### INFORMATION SUPPLIED
-- Opening Marker --

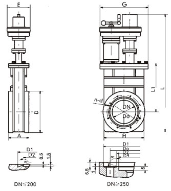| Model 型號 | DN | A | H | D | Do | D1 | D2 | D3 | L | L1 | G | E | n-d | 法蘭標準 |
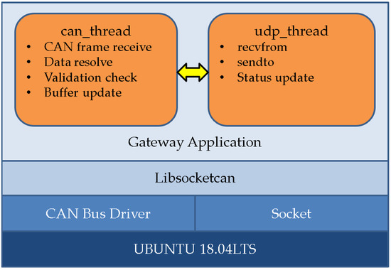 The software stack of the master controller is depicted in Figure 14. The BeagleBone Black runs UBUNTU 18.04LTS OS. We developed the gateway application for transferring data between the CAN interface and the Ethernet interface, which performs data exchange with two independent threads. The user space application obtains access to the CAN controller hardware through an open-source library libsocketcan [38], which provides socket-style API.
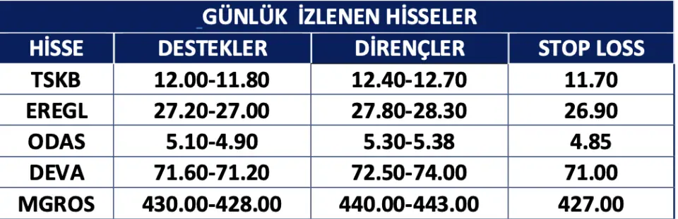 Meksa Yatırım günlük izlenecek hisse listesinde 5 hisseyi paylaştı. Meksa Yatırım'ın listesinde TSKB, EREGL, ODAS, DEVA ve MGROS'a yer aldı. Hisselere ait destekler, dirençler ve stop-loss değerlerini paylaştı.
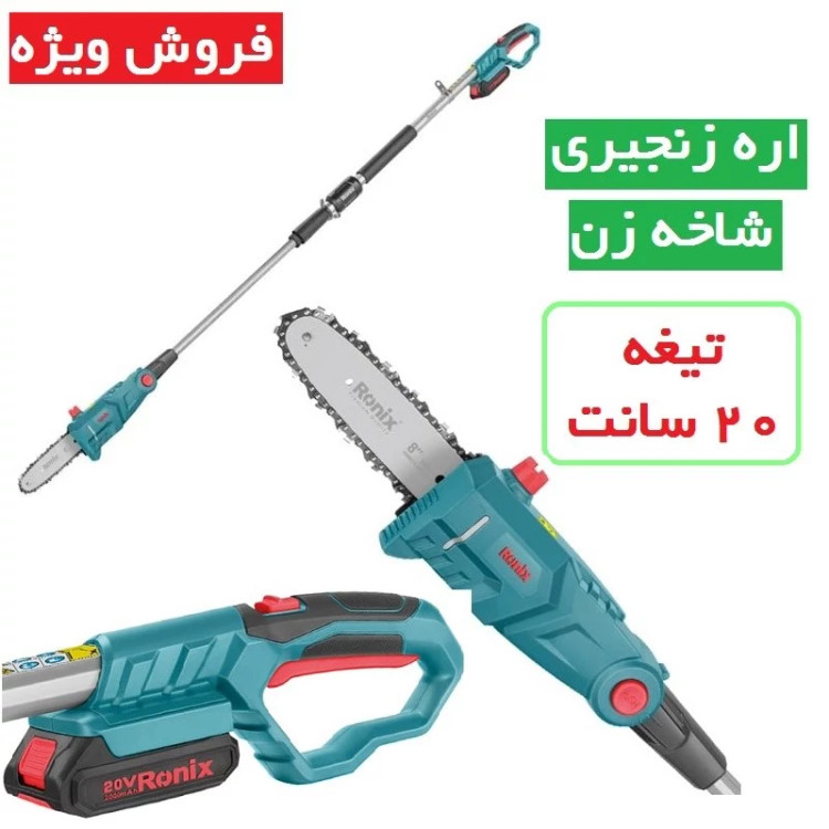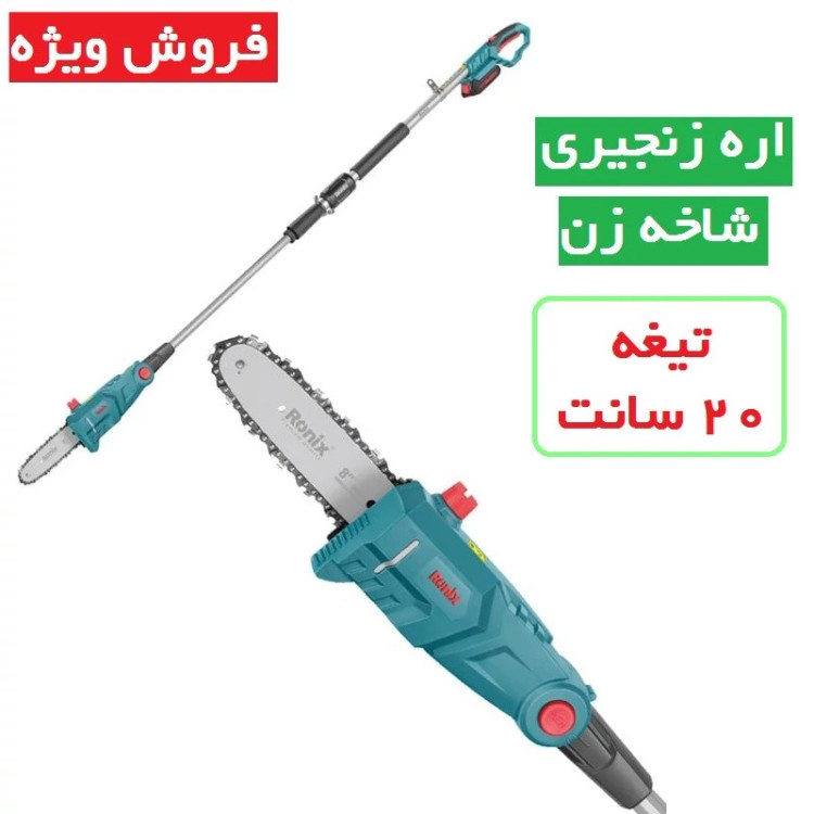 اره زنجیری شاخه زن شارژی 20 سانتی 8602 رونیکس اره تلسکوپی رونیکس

-- Closing Marker --

### TASK OBJECTIVE
Without any pictures, write out the lines running from the one containing "Meksa Yatırım günlük" through the end of the listing above, both included, exactly as given.

### TASK SOLUTION
 Meksa Yatırım günlük izlenecek hisse listesinde 5 hisseyi paylaştı. Meksa Yatırım'ın listesinde TSKB, EREGL, ODAS, DEVA ve MGROS'a yer aldı. Hisselere ait destekler, dirençler ve stop-loss değerlerini paylaştı.
 اره زنجیری شاخه زن شارژی 20 سانتی 8602 رونیکس اره تلسکوپی رونیکس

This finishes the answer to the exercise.